Motywacją dla tej notatki jest potrzeba zwyczajnej kultury codziennej, ale i porządek, jakże obcy dla wielu z nas… - pisze Zbigniew Kasiarz, nasz Czytelnik. -Oczekiwanie w kolejce na prom samo w sobie jest dokuczliwe, zatem wszelkie dodatkowe, towarzyszące temu niedogodności należy wyeliminować.
Wjazd z kolejki na prom powinien ZAWSZE rozpoczynać pojazd stojący z prawej (lub lewej) strony – czytamy w liście. - Zawsze tak samo. A nie jak dotąd, że ten, który jako ostatni został, nie wjechał. Chodzi o to, że dla tych stojących w kolejce bliżej jest to bez znaczenia. I tak wjadą. Dla tych, którzy dojeżdżają, bardzo ważne i jasne jak się ustawić w kolejce. Teraz zdarza się, że samochód, który podjechał później, wjeżdża, a ten, który był wcześniej zostaje.
Kolejna propozycja:
Regulującym ruchem wjazdu należy zabronić „zblazowanych” min, wyrazów twarzy - pisze nasz Czytelnik.- Myślę też, że dobrze by było wyposażyć ich w tzw. lizaki lub inne narzędzie, tak by nadmiernie nie musieli eksploatować swoich paluszków. Często są pierwszymi mieszkańcami naszego miasta, których widzą nasi goście. Tenże sam osobnik powinien dbać, by w kolejce nie było „dziur”, by wszystkie samochody były jeden za drugim. Nie jak dotąd, po namachaniu się palcami zmykał gdzieś. Bo są „mądrale”, którym nie chce się dojechać i tworzą tym samym bałagan.
Marynarz pokładu MUSI dbać o odstępy między samochodami – czytamy dalej.- Powinien KAŻDY jeden samochód doprowadzić do właściwego miejsca.

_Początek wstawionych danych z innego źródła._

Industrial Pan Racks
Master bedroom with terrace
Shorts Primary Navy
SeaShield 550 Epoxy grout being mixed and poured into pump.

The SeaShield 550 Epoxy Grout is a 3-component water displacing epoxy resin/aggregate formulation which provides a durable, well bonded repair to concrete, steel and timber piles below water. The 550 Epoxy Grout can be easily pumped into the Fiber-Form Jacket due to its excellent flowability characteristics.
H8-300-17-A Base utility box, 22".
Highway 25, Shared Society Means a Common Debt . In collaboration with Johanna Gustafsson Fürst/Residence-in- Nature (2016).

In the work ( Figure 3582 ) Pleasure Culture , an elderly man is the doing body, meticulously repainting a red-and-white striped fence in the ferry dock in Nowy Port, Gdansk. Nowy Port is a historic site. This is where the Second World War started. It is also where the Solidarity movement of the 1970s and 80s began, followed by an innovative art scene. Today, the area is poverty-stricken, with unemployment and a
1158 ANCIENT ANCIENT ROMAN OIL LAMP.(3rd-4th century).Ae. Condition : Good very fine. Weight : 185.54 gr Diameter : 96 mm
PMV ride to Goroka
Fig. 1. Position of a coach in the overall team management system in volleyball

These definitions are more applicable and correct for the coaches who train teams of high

Teraz marynarz ogranicza się jedynie do wskazania pasa, co skutkuje tym, że albo, jeśli się jemu chce później „dociąga” samochody a częściej prom wiezie pustą powierzchnię pokładową. Marynarz MUSI być uprzejmy i wyrozumiały dla niektórych kierowców. Nie każdy jest Hołowczycem czy Kubicą.
Naiwniacy: (myślicie że coś się zmieni, hhihihh...

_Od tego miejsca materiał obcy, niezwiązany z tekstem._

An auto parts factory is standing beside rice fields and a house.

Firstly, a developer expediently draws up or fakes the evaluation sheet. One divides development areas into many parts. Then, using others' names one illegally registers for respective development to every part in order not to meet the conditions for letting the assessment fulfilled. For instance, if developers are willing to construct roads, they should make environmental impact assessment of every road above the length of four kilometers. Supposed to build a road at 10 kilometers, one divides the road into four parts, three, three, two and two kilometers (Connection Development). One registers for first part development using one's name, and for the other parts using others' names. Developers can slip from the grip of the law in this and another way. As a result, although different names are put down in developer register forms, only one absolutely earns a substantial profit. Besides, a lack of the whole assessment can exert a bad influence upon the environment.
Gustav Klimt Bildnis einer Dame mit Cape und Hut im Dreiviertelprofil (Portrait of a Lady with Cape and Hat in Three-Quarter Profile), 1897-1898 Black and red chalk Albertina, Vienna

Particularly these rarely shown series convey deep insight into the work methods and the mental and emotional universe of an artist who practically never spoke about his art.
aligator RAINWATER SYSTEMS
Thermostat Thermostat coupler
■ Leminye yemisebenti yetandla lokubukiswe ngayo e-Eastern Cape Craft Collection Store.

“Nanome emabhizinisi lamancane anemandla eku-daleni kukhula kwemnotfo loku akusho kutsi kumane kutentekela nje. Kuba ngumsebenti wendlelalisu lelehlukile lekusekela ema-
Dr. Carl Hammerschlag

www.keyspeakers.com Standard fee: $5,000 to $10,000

A najgorsze to są matoły, którzy pchają się na sam przód i blokują ce zejście i zjazd, jakby się bali, że nie zdążą zejść z promu.
Gość • Wtorek [18.11.2014, 07:24:46] • [IP: 92.42.117.**] ok, fajny pomysl ale...1. musi byc ogranicznik koncowy aby auta nie dojezdzaly 2.jak prom bedzie zaladowany a auta zjada tylko w polowie z danego pasa to powstaje niewykorzystana dziura. ... Jak w kazdym pomysle sa plusy i minusy. Zakladamy, ze auta oczekujace na wjazd na prom sa ustawione na 3-4 pasach, technicznie bedzie to skompliowane ale nie niemozliwe.

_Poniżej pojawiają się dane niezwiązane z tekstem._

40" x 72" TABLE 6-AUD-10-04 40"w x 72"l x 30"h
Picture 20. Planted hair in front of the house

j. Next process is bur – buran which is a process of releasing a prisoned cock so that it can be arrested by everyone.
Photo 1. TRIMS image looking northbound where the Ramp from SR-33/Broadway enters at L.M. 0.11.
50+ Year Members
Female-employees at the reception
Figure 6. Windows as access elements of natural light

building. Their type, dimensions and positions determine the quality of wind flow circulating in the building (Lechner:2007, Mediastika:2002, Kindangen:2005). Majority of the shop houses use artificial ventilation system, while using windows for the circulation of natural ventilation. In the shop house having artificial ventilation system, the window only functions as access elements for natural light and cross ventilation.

Dzięki za opublikowanie tych uwag. Chodzi o to, że sama przeprawa, nawet bez większego oczekiwania jest STRESOGENNA, tym bardziej więc należy unikać wszelkich zakłóceń, utrudnień. Sami wiecie jak to jest - duża strata czasu. Często szybciej jest dojechać do Szczecina, niż się przeprawić. A jeśli ktoś musi codziennie, przez lata całe, można sobie tylko wyobrazić i wyliczyć ile czasu łącznie" wyrwane jest z życia". A jest przecież tyle fajniejszych rzeczy do robienia niż kiszenie się na przeprawie...
Popieram ma rację pan Zbyszek
Uważam że " dyrygent" wpuszczający na prom powinien zwracać uwagę kierowcom, którzy tworza" dziury" w kolejce samochodowej. Sądzę że u wielu kierowców jest to" oszczędzanie" akumulatora i rozrusznika.
A jak będzie kolejka na dwa promy, to zrobi się przesunięcie i ktoś kto przestał już prom, okaże, że się nie załapie, bo znowu zaczną wpuszczać od prawej. . .
Jest lepszy, sprawiedliwszy system, stosowany na wielu przeprawach za granicą. Najpierw zapełnia się samochodami jeden pas, jak jest pełen to samochody stają na drugim i potem kolejnym, i na prom wpuszcza się najpierw cały jeden pas, potem kolejny itd... w efekcie zawsze wjeżdżasz na prom w tej samej kolejności w jakiej dojechałeś do przystani. Rozwiązanie proste i skuteczne, ale wymaga dużej kultury kierowców, niestety u nas zawsze trafi się burak-cwaniaczek który będzie się wpychał. Nie wiem czy dorośliśmy już do takiego rozwiązania...
"Teraz marynarz ogranicza się jedynie do wskazania pasa" - A TU MUSZĘ PRZYZNAĆ RACJĘ - PANOWIE PROMOWI SĄ BARDZO LENIWI, FAKTEM JEST, ŻE OGRANICZAJĄ SIĘ DO POKAZYWANIA PALUSZKIEM PASA I NA TYM KONIEC. MOŻE PORA NAGRAĆ JAKIŚ FILMIK PT. BEZPIECZEŃSTWO NA PROMIE, BO PO ODBICIU PROMEM NIKOGO NIE MA NA POKĄŁDZIE. PICIE PIWA I PALENIE PAPIEROSÓW POD SAMĄ STERÓWKĄ TO NORMA.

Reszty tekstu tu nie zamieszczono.